Let's consider copy_image in rbd-mirror to provide an example. With a continuous light workload running on primary side on an image (defined in comment below), the time to sync a mirror snap differs when latency is added. The time from when copy_image starts to handle_copy_image nearly doubles when added latency goes from 0ms to 100ms.
Timestamps for baseline latency and added latency:
0ms latency: 2023-05-11T17:37:01.527+0000 7f6657e7a6c0 10 rbd::mirror::image_replayer::snapshot::Replayer: 0x55f019c49f80 copy_image: remote_snap_id_start=238, remote_snap_id_end=240, local_snap_id_start=213, last_copied_object_number=0, snap_seqs={240=18446744073709551614} 2023-05-11T17:37:07.399+0000 7f6650e6c6c0 10 rbd::mirror::image_replayer::snapshot::Replayer: 0x55f019c49f80 handle_copy_image: r=0
100ms latency: 2023-05-11T17:39:02.389+0000 7f6657e7a6c0 10 rbd::mirror::image_replayer::snapshot::Replayer: 0x55f019c49f80 copy_image: remote_snap_id_start=242, remote_snap_id_end=244, local_snap_id_start=217, last_copied_object_number=0, snap_seqs={244=18446744073709551614} 2023-05-11T17:39:14.680+0000 7f6650e6c6c0 10 rbd::mirror::image_replayer::snapshot::Replayer: 0x55f019c49f80 handle_copy_image: r=0
Investigate further what is happening, what bottlenecks exist, and determine how to improve overall performance.
Files
Updated by Christopher Hoffman 12 months ago
- File m-namespace.sh m-namespace.sh added
- File netns.sh netns.sh added
Steps to reproduce:
1. Configured East/West sites with Open vSwitch (Example 2):
https://www.redhat.com/sysadmin/net-namespaces.

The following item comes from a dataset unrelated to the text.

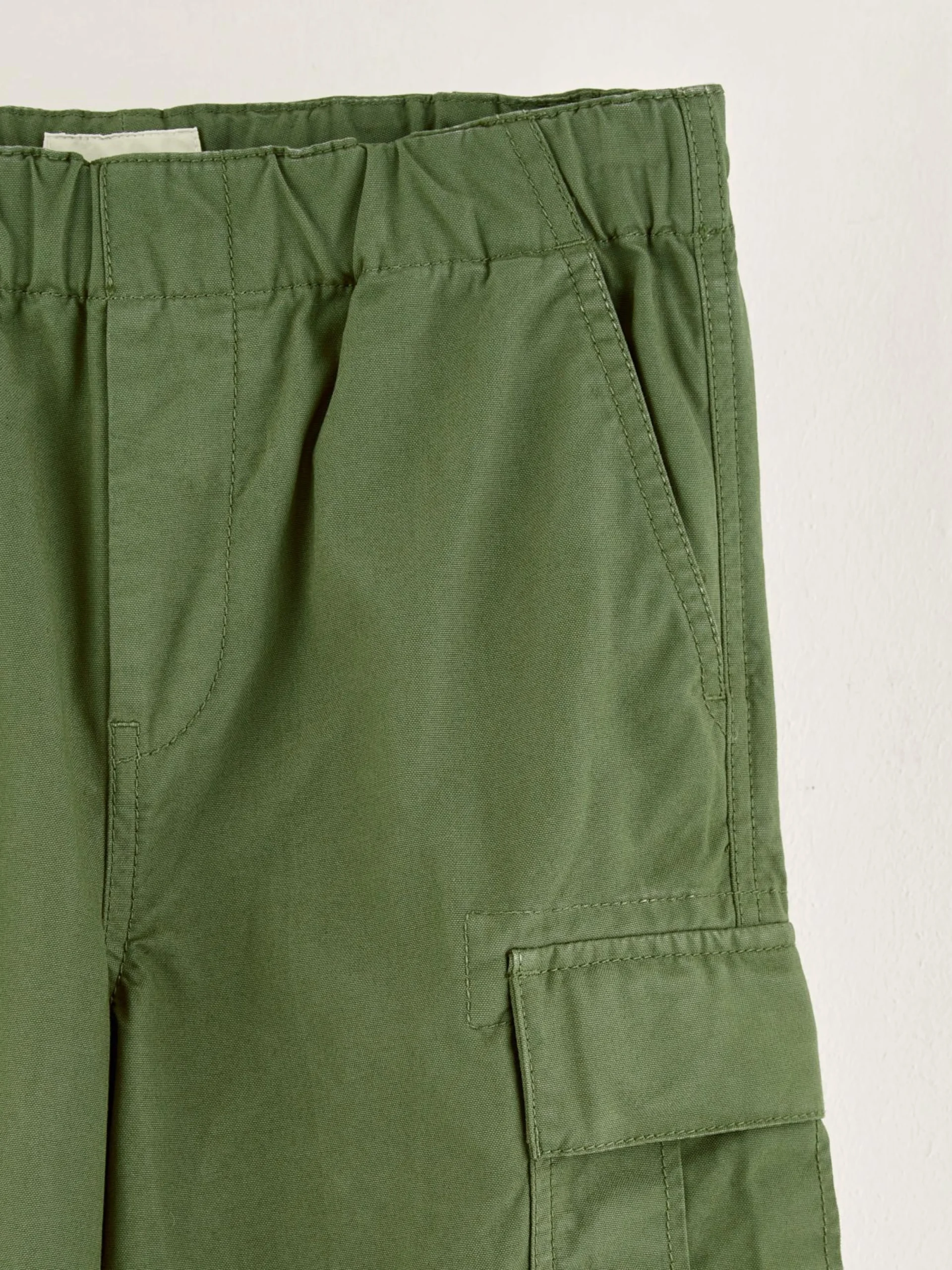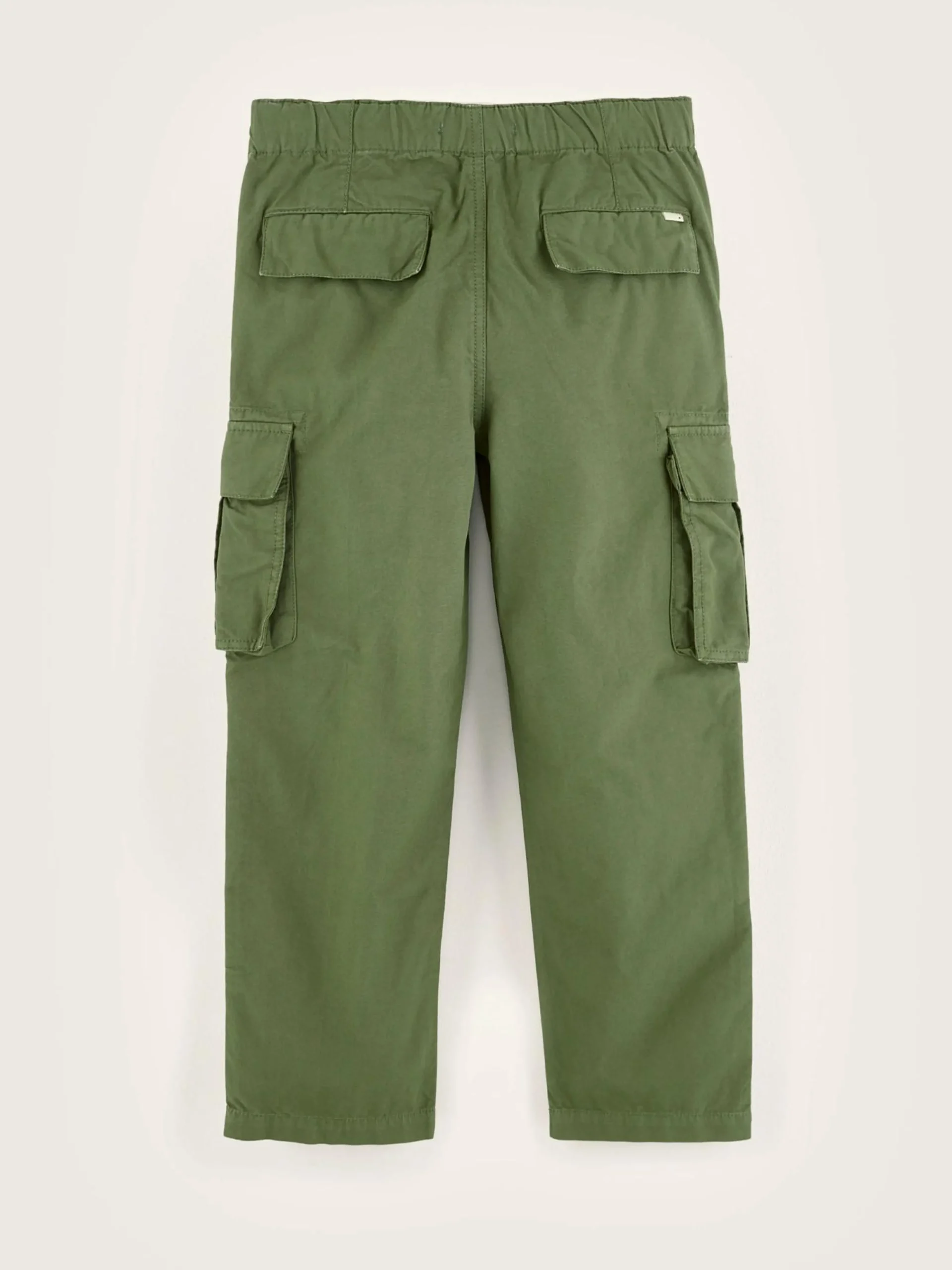 Relaxede kakigroene cargobroek met wijde pijpen, van ripstop katoen.

The key part was different network namespaces.
step 1 can be done by running provided netns.sh
2. Started mstart on site-a on East and a separate mstart on site-b on west.
3. On east, created a single image with mirror based snapshotting
4. Setup 1m interval for image
steps 2-4 can be done using "m-namespace.sh start"
5. On east, mapped rbd image to block device, formatted with xfs and mounted.
./bin/rbd --cluster site-a device map pool1/test-demote-sb
mkfs.xfs /dev/rbd0 <--- block device that was mapped above
mount /dev/rbd0 /mnt/latency1
6. On east, ran continuous workload using fio for random read/writes R:40 IOPS, W:10 IOPS, 4K block size
echo """
[global]
refill_buffers
time_based=1
size=5g
direct=1
group_reporting
ioengine=libaio
[workload]
rw=randrw
rate_iops=40,10
blocksize=4KB
#norandommap
iodepth=4
numjobs=1
runtime=2d
""" >> /mnt/latency1/smallIO_test1
cd /mnt/latency1
fio smallIO_test1
7. "injected" latency on the east(primary) network namespace using
tc qdisc add dev east root netem delay 100ms
Updated by Ilya Dryomov 12 months ago
Christopher Hoffman wrote:
When latency is introduced between peer sites, rbd-mirror slows down with inter-site interactions.
Let's consider copy_image in rbd-mirror to provide an example. With a continuous light workload running on primary side on an image (defined in comment below), the time to sync a mirror snap differs when latency is added. The time from when copy_image starts to handle_copy_image nearly doubles when added latency goes from 0ms to 100ms.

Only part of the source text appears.